Sounds like Spanish, right? Actually, it’s Ladino, or Judaeo-Spanish – the language once spoken by Sephardic Jews throughout North Africa, Bulgaria, Turkey and Greece. Israelis often call it “Spanyolit,” or simply “Sfaradit” (Spanish). My friend Avi grew up speaking the language with his grandmother, whose family has lived in Jerusalem since a couple of centuries after the expulsion of the Jews from Spain in 1492. Today Ladino is a dying language, like Yiddish. Unlike Yiddish, however, it doesn’t even have a core of ultra-Orthodox people who speak the language to their children, as the hasidim do.

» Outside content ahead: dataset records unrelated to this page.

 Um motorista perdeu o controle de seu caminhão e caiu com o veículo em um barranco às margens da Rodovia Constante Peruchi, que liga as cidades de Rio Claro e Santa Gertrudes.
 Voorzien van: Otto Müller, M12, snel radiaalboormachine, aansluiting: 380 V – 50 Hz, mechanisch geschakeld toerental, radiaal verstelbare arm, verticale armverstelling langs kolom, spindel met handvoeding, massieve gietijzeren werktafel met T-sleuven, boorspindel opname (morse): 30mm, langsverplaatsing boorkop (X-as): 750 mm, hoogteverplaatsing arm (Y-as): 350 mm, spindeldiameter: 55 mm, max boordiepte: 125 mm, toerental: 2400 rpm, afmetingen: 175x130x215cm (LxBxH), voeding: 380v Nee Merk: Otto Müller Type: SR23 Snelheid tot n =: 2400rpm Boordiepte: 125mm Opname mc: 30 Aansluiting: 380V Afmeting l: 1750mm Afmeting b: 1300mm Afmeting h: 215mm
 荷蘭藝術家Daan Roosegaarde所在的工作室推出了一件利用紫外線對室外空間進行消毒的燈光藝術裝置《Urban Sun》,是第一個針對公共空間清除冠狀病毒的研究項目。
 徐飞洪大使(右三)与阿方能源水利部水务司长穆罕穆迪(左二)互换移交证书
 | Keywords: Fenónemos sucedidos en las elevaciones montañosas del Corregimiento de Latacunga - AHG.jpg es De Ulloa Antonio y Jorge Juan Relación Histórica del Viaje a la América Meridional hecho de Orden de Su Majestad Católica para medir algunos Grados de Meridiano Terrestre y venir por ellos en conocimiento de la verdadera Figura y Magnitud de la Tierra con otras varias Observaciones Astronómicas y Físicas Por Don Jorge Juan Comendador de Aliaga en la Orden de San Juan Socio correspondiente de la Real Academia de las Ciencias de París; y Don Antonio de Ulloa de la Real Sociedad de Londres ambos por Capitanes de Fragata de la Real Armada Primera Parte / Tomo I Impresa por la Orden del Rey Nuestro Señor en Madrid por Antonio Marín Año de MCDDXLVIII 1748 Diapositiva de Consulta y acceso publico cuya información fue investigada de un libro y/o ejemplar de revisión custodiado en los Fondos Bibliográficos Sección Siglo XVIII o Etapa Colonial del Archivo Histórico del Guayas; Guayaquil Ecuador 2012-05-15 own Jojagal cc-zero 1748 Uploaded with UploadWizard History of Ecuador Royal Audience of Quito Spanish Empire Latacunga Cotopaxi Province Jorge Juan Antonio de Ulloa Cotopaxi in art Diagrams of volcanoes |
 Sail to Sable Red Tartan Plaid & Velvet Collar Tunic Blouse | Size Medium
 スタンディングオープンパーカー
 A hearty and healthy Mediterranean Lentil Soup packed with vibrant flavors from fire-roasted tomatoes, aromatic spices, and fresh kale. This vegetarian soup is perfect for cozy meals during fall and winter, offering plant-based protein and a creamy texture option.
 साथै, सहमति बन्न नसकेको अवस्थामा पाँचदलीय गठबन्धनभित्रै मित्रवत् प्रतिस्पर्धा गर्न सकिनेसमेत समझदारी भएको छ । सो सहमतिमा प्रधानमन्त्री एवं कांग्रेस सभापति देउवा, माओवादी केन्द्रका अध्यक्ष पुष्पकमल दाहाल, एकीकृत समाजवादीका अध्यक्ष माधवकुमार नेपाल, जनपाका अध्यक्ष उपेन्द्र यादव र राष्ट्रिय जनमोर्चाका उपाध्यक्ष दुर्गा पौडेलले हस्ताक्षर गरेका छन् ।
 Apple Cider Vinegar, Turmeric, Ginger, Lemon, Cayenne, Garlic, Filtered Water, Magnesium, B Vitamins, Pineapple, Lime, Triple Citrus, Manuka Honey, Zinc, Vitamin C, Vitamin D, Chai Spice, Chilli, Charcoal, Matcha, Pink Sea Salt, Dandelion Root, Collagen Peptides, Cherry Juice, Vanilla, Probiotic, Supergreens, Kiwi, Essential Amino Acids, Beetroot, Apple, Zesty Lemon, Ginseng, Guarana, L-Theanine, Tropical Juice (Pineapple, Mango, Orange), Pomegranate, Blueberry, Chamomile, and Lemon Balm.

The only place I’ve heard the language spoken in Tel Aviv is among the Turkish shopkeepers on Florentine Street – the ones who sell spices, dried fruits, nuts and bourekas.
Levy, a Jerusalemite whose parents came from Turkey, has done something incredible with traditional Ladino songs – with her voice and her musical arrangements, she has stripped them of their sentimentality and made them sound raw and immediate. This year she was nominated for a BBC3 “World Music Award,” and she is gradually gaining the international acclaim she deserves for her gorgeous musical interpretations.
*The Lioness pointed out in an email that the name of the song should be spelled Juderia, not Jude Ria. Juderia means Jewish Quarter. (I once saw an old sign in the old city of Rhodes that said Juderia. The Jews of Rhodes were, of course, all deported by the Nazis during the German occupation of Greece).